Where to Go from Here

Once you have a working skill, the next steps are:

Build a second skill that complements the first. An agent with two well-designed skills that work together is more useful than one with ten half-baked skills.
Add skill composition. OpenClaw lets skills call other skills in a defined chain. Your check_website_health skill could trigger a send_alert skill when a site is down, without the agent having to figure out that chain on its own.
Set up observability dashboards. OpenClaw's tracing data can be exported to standard observability tools. Once you're running agents in production, you need to see which skills are being called, how often they fail, and where the latency is.
Write more tests. Specifically, write tests for adversarial inputs — what happens when the user says something ambiguous? What happens when two skills could plausibly handle the same request? Edge case testing catches the problems that demo-driven development misses.
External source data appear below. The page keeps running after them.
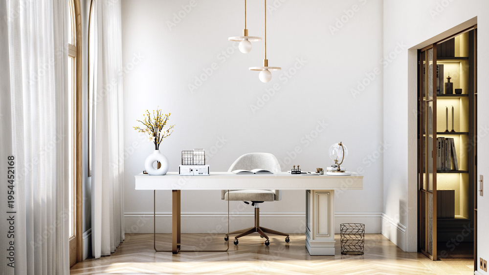 Fototapeta na wymiar - Cozy modern work office at home, 3d render.
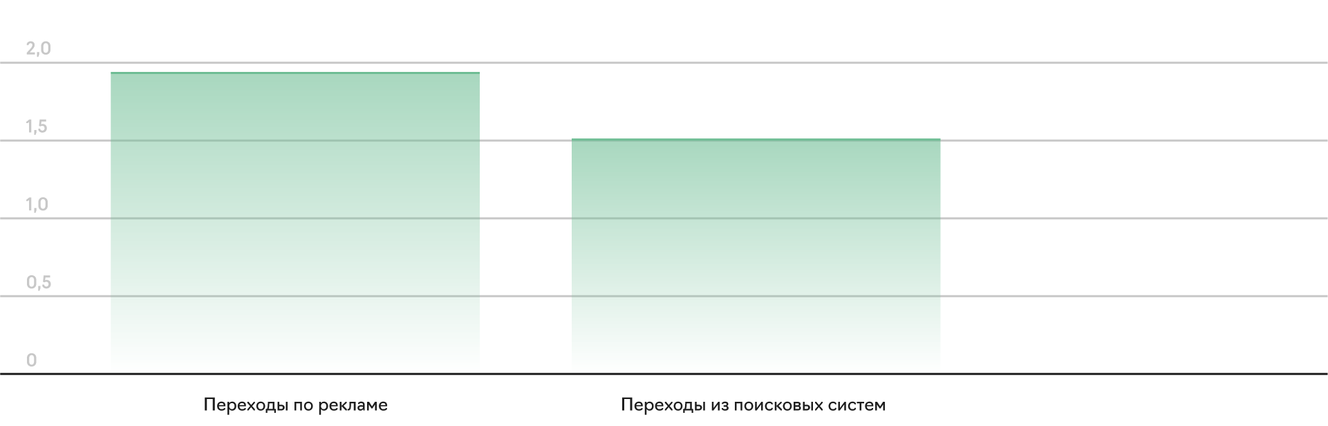 Также мы оцениваем и глубину вовлеченности пользователей. Показатель в среднем составляет 1,9, а с поисковых систем он равен 1,5.
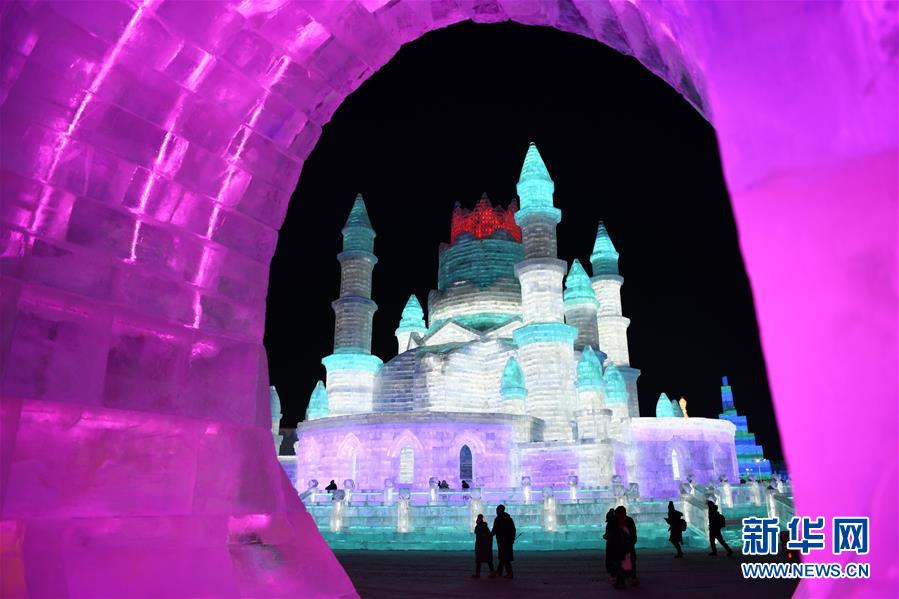 12月23日,游客在哈尔滨冰雪大世界园区游玩。
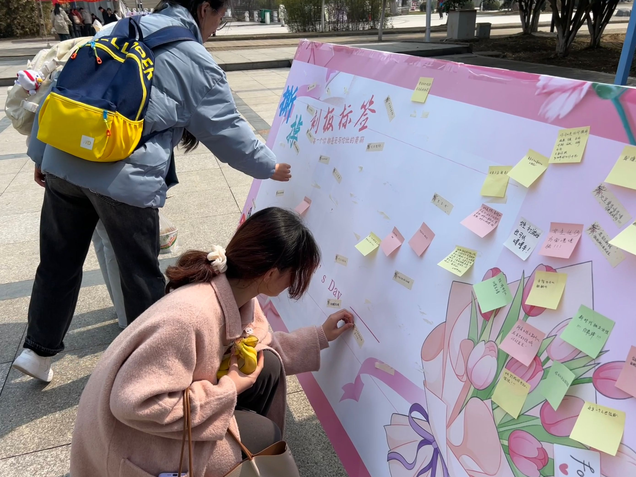 游艺交流活动由“撕掉标签”和“送上祝福”两部分组成。来自两个学院的女生们纷纷驻足在展板前,撕下带有对女生偏见、束缚和刻板印象的标签,写下祝福语和想对自己想说的话。“拒绝被定义,勇敢做自己”,所有女生都能卓然而立、自成光芒,拥有真正的自信和独立。当活动安排的标签被全部撕下时,暖心的话语已布满展板,成为校园一道靓丽的风景线。
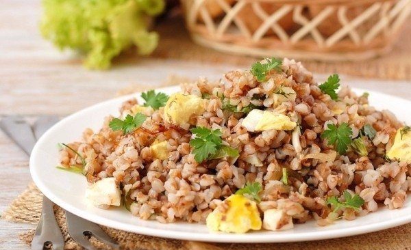 • яйце очистіть, розріжте на дві половини і покладіть до гречки.

The whole point of OpenClaw is that it gives you structured, reliable control over how agents use tools. But that structure only works if you build skills that take advantage of it. Detailed schemas, structured error handling, explicit retry policies, proper testing — these aren't optional nice-to-haves. They're the difference between a skill that works in your notebook and one that works when real users are depending on it.

Start with one skill. Get it rock solid. Then build from there.